Alternatively, genomic prediction (GP) is an ensemble of methods to estimate the breeding values with higher reliability earlier in life by combining DNA variants jointly using existing identification, pedigree, and phenotype databases for individuals [4, 5]. Over the past decades, this technology has revolutionized animal and plant breeding after its first implementation because of its excellent performance in reducing generation intervals and generating more genetic gain [6]. Currently, several methods have been made to develop more efficient statistical approaches to estimating genomic breeding values (GEBVs), such as genomic best linear unbiased prediction (GBLUP) which has been the most widely used in GP [7], single-step BLUP (ssGBLUP) [8], ridge regression methods [9], Bayesian Alphabet regression [10, 11], and emerging machine learning (ML) strategies including support vector regression (SVR) [12], random forest (RF) [13], reproducing kernel Hilbert spaces regression (RKHS) [10], kernel ridge regression [14], etc. Briefly, the predictive accuracy of Bayesian methods outperforms BLUP-based models in the majority of cases, while the Markov Chain Monte Carlo (MCMC) procedure also suffered a substantial computational burden [15]. In several simulation and actual studies, nonparametric ML methods behaved better, primarily due to their superior prediction ability [16, 17]. Therefore, there was a clear trend that increasingly breeders were trying to combine the advantages of multiple methods to estimate GEBVs in GP.

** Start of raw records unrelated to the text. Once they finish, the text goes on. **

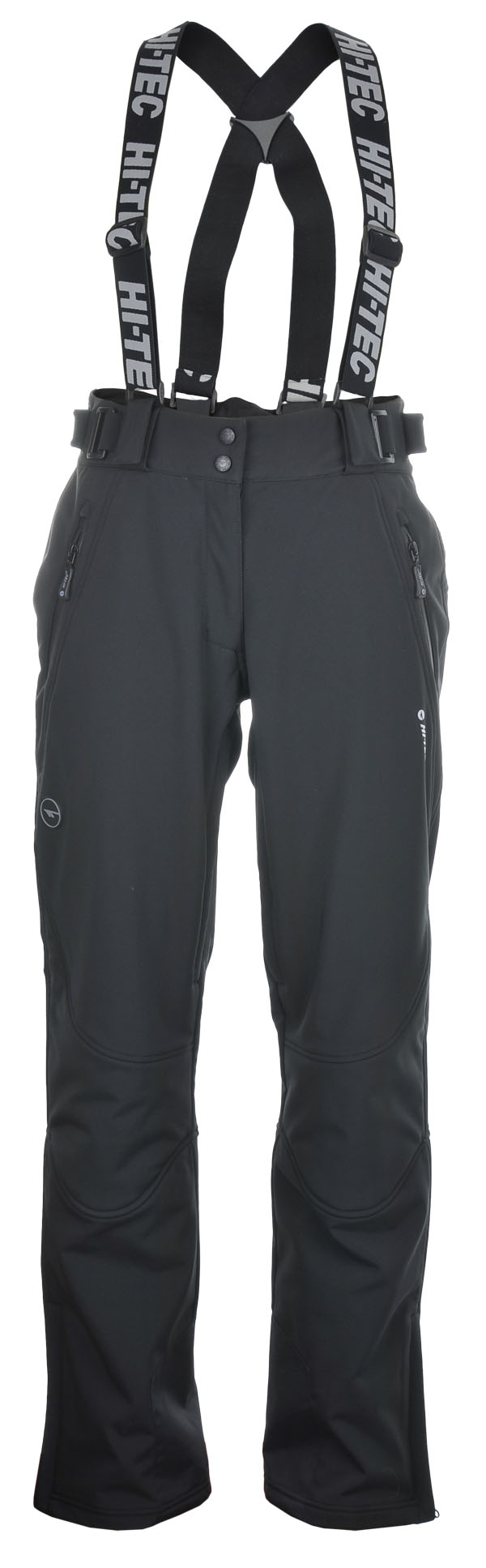 dámské kalhoty HI-TEC HI-TEC Lady Zora - dámské zimní softshellové kalhoty s membránou. Značkové outdoorové zimní kalhoty ze softshellu s kšandami vhodné na zimní sporty (lyže, sjezdovky a další). Kalhoty jsou z nepromokavého a částečně prodyšného třívrstvého softshellového materiálu s membránou, mají voděodolné zipy, odnímatelné a nastavitelné kšandy, pas s bočním stahováním. Na spodní části nohavice mají kolhoty zesílený materiál. Kalhoty využívají technologie HI-TEC: SOFT-TEC - třívrstvý pružný
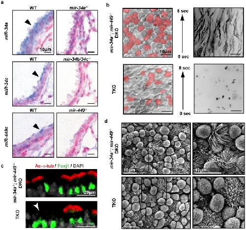 miR-34/449 miRNAs are required for motile ciliogenesis by repressing cp110. , Song R, Walentek P , Sponer N, Klimke A, Lee JS , Dixon G, Harland R , Wan Y, Lishko P, Lize M, Kessel M, He L., Nature. June 5, 2014; 510 (7503): 115-20.
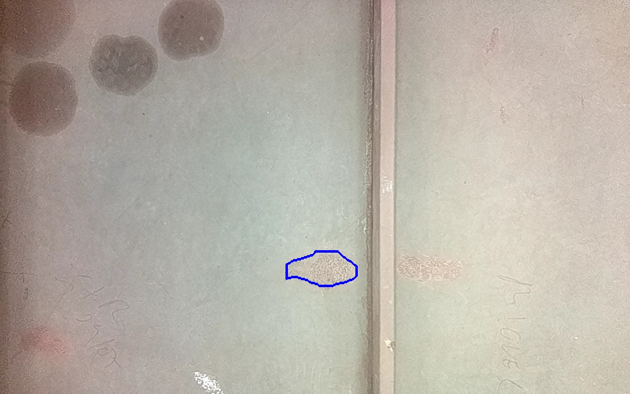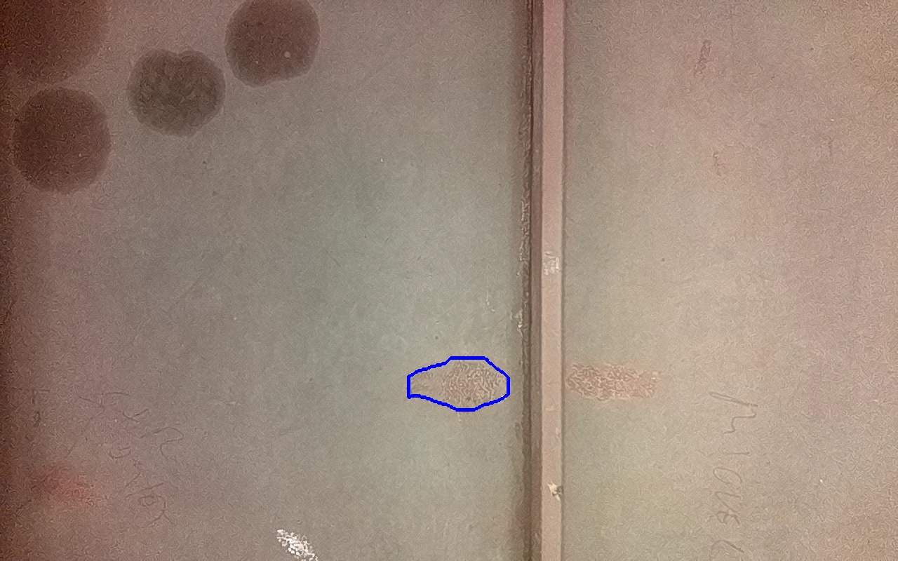 Rayaduras o zonas de metal expuestas con productos de óxido débilmente adherido.
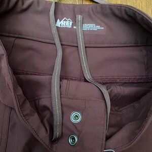 REI Co-op Screenline Technical Shorts. Women’s Size 4. Stretchy! Color is Cacao/Mauve. I would like to add that it is hard to capture in photos but the stretchy portion of the waist band is a deeper color than the nylon portion of the shorts, somewhat seen in last 2 photos. The nylon body of the shorts have a line/ribbed texture. 2 way stretch. Utility pockets in the front. Rear pockets with right rear pocket zipper closure. Double snap closure at waistband with zipper and internal drawstring. Good condition. Only signs of wear are on the snap buttons at waist, included photo. Waist: 28” Rise 9.5” Inseam 6” (all approximate) Great shorts to add to your wardrobe.
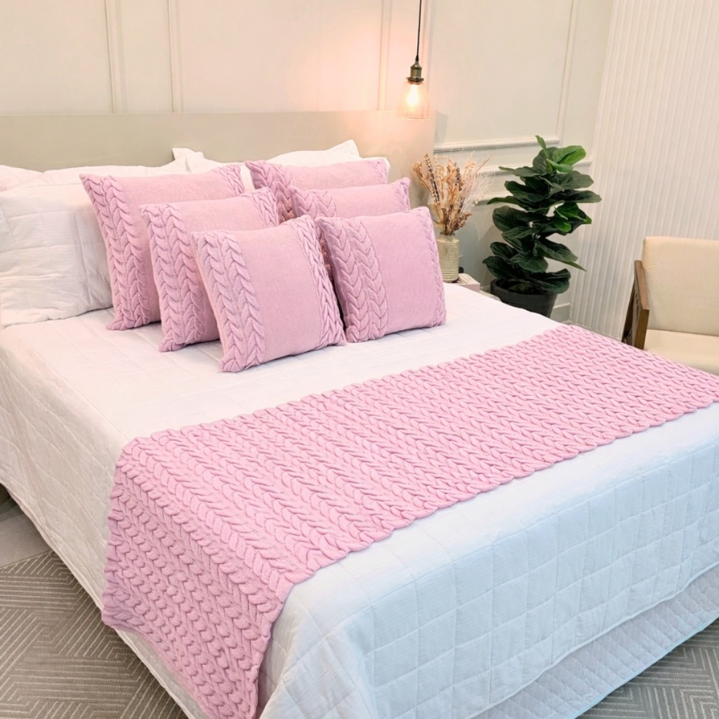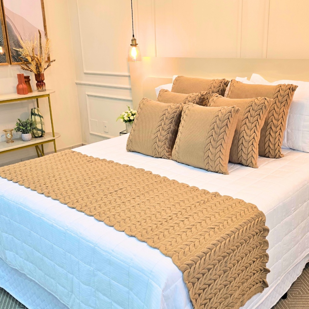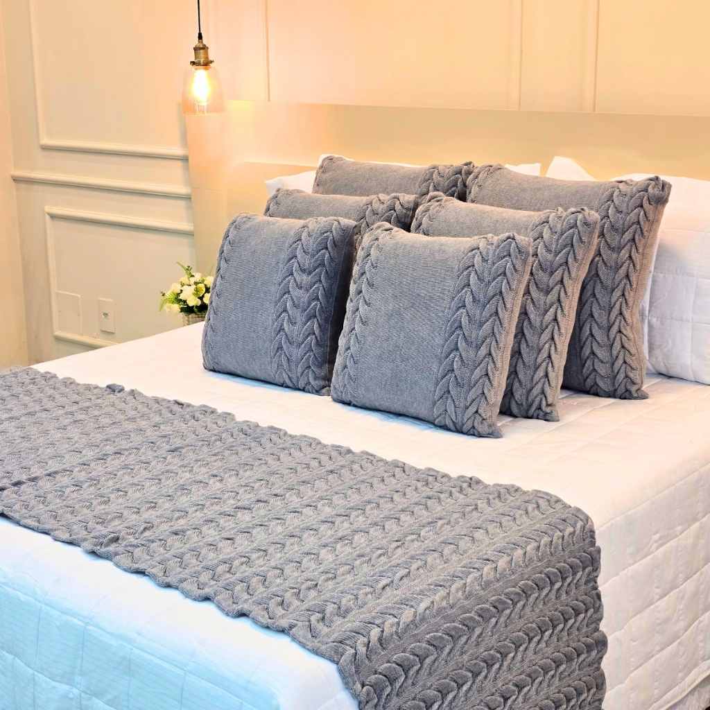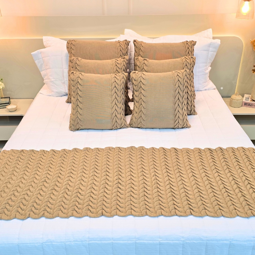 Kit Peseira Manta Tricot Sofá Cama Casal Queen King Aconchego Home Decor + 4 Capas Almofadas (2 de 50x50 e 2 de 60x60)

Afterward, one critical issue for phenotypic prediction is how to model non-additive effects (dominance or epistatic effects). Several research confirmed that using non-additive relationships that could improve the prediction of phenotypes [18, 19]. Incorporating additional layers of omics data into the prediction machine may partially solve this problem. For instance, many genetic variants affect complex traits by modulating gene expression, thus altering the abundance of relevant proteins [20]. The advanced next-generation sequencing technologies made it possible, and Li et al. discussed the concept of “omics-augmented broad sense heritability” that accounts for SNP-based effects and effects of downstream biological regulation captured by gene interactions [21]. However, the genetic links between phenotype and genome variants are too complex to determine directly at the genome level. Another concern was that the gene expression levels were affected by several factors such as tissue specificity, time of sampling and experimental conditions. Guo et al. found that using only transcriptome data to predict phenotypes is not satisfying, especially for high heritability traits; the genomic data remain the most efficient predictors [22]. Therefore, integrating multi-omics information could be a promising option in GP. In a human acute myeloid leukemia (AML) dataset including cytogenetics, gene mutations and expression variables, a priority-Lasso was presented and showed better predictive accuracy than the independent validation dataset [23]. Xu et al. found that the predictability of hybrid yield of rice can be further increased using multi-omics data, in particular, when used metabolomics data, the predictability was almost doubled compared with the genomic prediction [24].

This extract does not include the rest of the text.